**DESCRIPTION OF THE TASK**: Starting with the line that has "O Come All Ye" in the records below and ending with the line that has "Nea, Christina und", output those lines exactly and nothing more; omit the pictures.

**SUPPLIED RECORDS**:
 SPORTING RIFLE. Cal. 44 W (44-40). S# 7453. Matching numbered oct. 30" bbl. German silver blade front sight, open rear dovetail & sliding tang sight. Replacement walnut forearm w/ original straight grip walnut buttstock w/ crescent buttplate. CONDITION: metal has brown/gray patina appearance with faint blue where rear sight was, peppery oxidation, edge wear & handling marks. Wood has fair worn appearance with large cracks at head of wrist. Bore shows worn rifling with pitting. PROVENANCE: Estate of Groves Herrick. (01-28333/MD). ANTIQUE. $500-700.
---
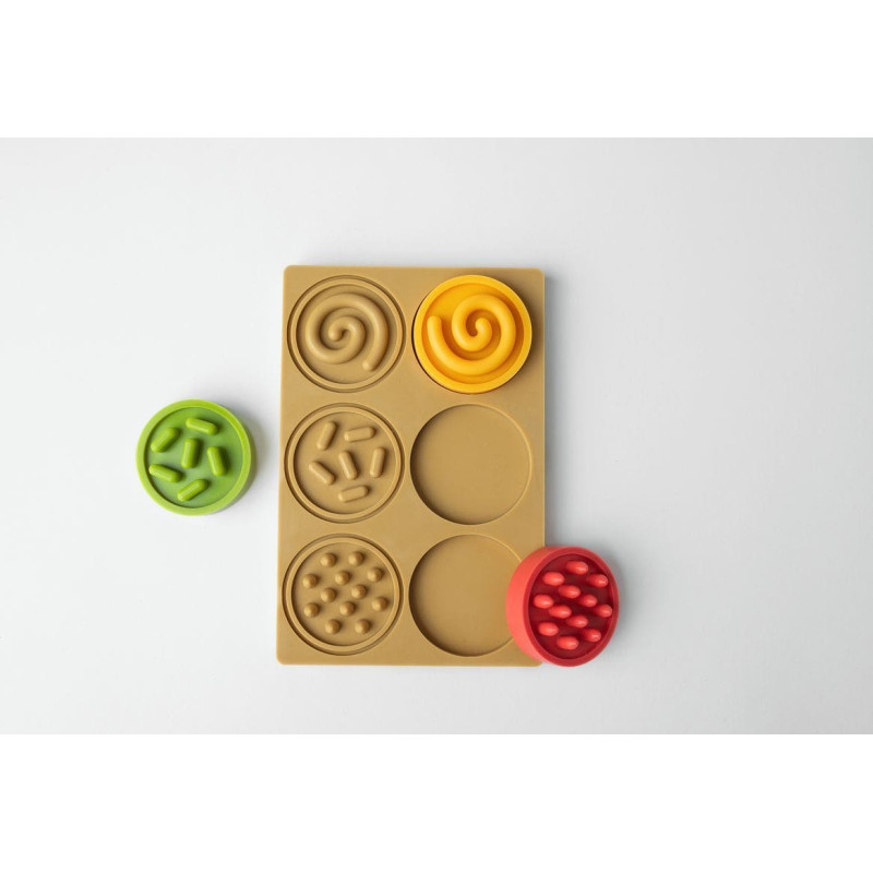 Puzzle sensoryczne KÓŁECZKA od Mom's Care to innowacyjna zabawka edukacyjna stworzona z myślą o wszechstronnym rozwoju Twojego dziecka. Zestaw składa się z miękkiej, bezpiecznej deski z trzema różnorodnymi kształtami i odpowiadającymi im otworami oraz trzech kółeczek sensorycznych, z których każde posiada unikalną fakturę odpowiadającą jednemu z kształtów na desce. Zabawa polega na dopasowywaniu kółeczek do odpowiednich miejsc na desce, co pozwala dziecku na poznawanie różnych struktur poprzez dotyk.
---
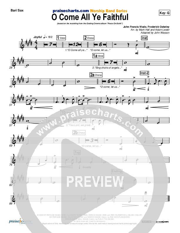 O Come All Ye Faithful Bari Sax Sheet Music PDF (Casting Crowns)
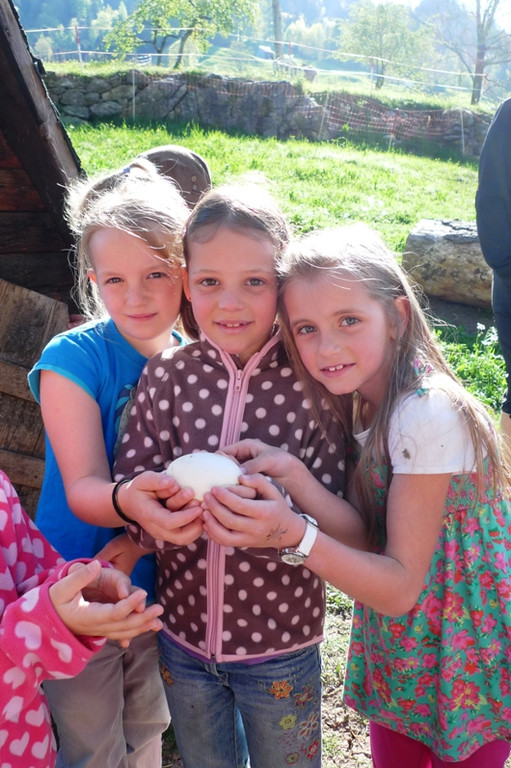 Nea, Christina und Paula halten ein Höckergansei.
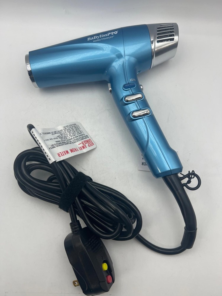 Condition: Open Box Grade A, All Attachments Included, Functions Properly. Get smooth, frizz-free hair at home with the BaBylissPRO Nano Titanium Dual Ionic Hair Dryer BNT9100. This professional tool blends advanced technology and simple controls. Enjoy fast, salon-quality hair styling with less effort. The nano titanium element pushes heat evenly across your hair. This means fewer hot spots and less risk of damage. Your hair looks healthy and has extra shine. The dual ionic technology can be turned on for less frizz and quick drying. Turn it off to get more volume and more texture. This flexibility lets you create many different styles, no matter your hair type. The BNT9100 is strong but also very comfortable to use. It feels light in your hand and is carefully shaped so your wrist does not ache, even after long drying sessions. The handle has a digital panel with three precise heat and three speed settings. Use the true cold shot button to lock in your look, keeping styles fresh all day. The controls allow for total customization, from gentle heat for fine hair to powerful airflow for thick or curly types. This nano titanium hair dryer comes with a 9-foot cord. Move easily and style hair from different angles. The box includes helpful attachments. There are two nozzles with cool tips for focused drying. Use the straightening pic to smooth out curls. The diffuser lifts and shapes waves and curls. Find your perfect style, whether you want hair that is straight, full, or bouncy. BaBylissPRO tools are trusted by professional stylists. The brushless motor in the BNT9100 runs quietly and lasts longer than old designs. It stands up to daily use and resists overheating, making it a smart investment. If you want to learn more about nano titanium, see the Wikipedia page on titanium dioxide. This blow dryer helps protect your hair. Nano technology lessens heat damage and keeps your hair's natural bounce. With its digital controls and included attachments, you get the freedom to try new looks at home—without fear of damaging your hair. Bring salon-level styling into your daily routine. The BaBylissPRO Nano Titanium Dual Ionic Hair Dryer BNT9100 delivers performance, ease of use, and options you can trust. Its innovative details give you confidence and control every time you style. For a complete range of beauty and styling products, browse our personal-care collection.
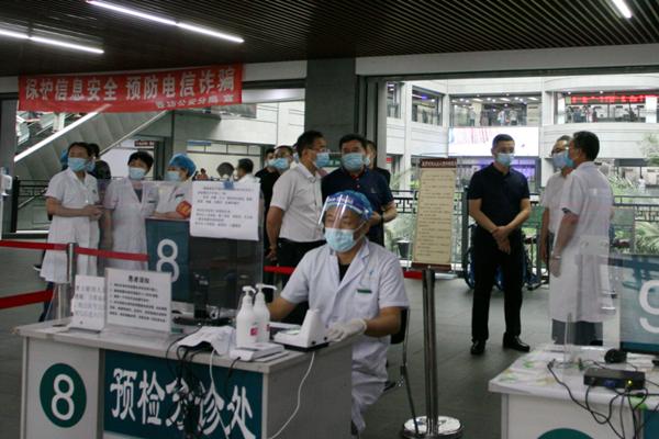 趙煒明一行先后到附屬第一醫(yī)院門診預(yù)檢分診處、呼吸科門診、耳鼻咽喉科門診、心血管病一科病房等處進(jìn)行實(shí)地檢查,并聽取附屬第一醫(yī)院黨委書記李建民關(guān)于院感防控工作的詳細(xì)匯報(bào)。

**SOLUTION TO THE EXERCISE**:
 O Come All Ye Faithful Bari Sax Sheet Music PDF (Casting Crowns)
 Nea, Christina und Paula halten ein Höckergansei.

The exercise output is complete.